Make an exact copy of the records below. Include every line.

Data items
▬▬▬▬▬▬
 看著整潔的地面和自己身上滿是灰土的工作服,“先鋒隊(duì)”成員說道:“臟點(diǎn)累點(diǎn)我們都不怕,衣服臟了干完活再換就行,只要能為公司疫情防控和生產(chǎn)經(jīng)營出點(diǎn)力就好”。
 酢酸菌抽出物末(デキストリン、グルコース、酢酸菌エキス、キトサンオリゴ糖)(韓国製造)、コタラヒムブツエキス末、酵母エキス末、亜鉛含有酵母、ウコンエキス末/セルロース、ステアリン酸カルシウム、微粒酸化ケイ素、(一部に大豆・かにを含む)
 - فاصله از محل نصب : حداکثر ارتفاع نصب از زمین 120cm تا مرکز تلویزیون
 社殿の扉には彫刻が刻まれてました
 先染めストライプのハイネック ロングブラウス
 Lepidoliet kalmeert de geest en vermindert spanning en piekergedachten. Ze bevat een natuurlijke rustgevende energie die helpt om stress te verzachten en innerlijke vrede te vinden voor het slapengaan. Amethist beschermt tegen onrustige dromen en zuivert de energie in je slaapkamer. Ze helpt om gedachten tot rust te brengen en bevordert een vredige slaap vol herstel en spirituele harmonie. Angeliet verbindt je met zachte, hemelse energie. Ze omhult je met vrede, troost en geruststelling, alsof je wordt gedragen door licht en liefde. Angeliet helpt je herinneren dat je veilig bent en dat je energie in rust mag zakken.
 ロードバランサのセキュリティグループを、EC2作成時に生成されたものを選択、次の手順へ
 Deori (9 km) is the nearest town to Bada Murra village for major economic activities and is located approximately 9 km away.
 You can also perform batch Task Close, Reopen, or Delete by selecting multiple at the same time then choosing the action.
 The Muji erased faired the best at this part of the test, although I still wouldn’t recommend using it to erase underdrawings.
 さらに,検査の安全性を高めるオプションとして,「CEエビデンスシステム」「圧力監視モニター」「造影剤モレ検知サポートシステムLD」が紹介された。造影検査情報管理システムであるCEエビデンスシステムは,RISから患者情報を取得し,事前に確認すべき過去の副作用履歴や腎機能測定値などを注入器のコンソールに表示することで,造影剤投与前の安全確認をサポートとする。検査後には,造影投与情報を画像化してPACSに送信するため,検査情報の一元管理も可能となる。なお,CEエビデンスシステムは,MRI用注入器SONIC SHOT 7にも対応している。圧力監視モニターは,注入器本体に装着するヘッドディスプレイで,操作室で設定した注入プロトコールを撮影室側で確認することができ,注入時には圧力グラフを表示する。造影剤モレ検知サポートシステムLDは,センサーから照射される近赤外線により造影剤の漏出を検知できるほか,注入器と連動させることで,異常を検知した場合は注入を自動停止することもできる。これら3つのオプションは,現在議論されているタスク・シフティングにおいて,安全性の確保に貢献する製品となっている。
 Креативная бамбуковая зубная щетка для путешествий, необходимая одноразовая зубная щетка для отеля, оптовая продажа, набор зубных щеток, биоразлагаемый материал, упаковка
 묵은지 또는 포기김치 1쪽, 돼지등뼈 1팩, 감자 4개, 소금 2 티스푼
▬▬▬▬▬▬
▸ **WRITTEN REPLY**
 看著整潔的地面和自己身上滿是灰土的工作服,“先鋒隊(duì)”成員說道:“臟點(diǎn)累點(diǎn)我們都不怕,衣服臟了干完活再換就行,只要能為公司疫情防控和生產(chǎn)經(jīng)營出點(diǎn)力就好”。
 酢酸菌抽出物末(デキストリン、グルコース、酢酸菌エキス、キトサンオリゴ糖)(韓国製造)、コタラヒムブツエキス末、酵母エキス末、亜鉛含有酵母、ウコンエキス末/セルロース、ステアリン酸カルシウム、微粒酸化ケイ素、(一部に大豆・かにを含む)
 - فاصله از محل نصب : حداکثر ارتفاع نصب از زمین 120cm تا مرکز تلویزیون
 社殿の扉には彫刻が刻まれてました
 先染めストライプのハイネック ロングブラウス
 Lepidoliet kalmeert de geest en vermindert spanning en piekergedachten. Ze bevat een natuurlijke rustgevende energie die helpt om stress te verzachten en innerlijke vrede te vinden voor het slapengaan. Amethist beschermt tegen onrustige dromen en zuivert de energie in je slaapkamer. Ze helpt om gedachten tot rust te brengen en bevordert een vredige slaap vol herstel en spirituele harmonie. Angeliet verbindt je met zachte, hemelse energie. Ze omhult je met vrede, troost en geruststelling, alsof je wordt gedragen door licht en liefde. Angeliet helpt je herinneren dat je veilig bent en dat je energie in rust mag zakken.
 ロードバランサのセキュリティグループを、EC2作成時に生成されたものを選択、次の手順へ
 Deori (9 km) is the nearest town to Bada Murra village for major economic activities and is located approximately 9 km away.
 You can also perform batch Task Close, Reopen, or Delete by selecting multiple at the same time then choosing the action.
 The Muji erased faired the best at this part of the test, although I still wouldn’t recommend using it to erase underdrawings.
 さらに,検査の安全性を高めるオプションとして,「CEエビデンスシステム」「圧力監視モニター」「造影剤モレ検知サポートシステムLD」が紹介された。造影検査情報管理システムであるCEエビデンスシステムは,RISから患者情報を取得し,事前に確認すべき過去の副作用履歴や腎機能測定値などを注入器のコンソールに表示することで,造影剤投与前の安全確認をサポートとする。検査後には,造影投与情報を画像化してPACSに送信するため,検査情報の一元管理も可能となる。なお,CEエビデンスシステムは,MRI用注入器SONIC SHOT 7にも対応している。圧力監視モニターは,注入器本体に装着するヘッドディスプレイで,操作室で設定した注入プロトコールを撮影室側で確認することができ,注入時には圧力グラフを表示する。造影剤モレ検知サポートシステムLDは,センサーから照射される近赤外線により造影剤の漏出を検知できるほか,注入器と連動させることで,異常を検知した場合は注入を自動停止することもできる。これら3つのオプションは,現在議論されているタスク・シフティングにおいて,安全性の確保に貢献する製品となっている。
 Креативная бамбуковая зубная щетка для путешествий, необходимая одноразовая зубная щетка для отеля, оптовая продажа, набор зубных щеток, биоразлагаемый материал, упаковка
 묵은지 또는 포기김치 1쪽, 돼지등뼈 1팩, 감자 4개, 소금 2 티스푼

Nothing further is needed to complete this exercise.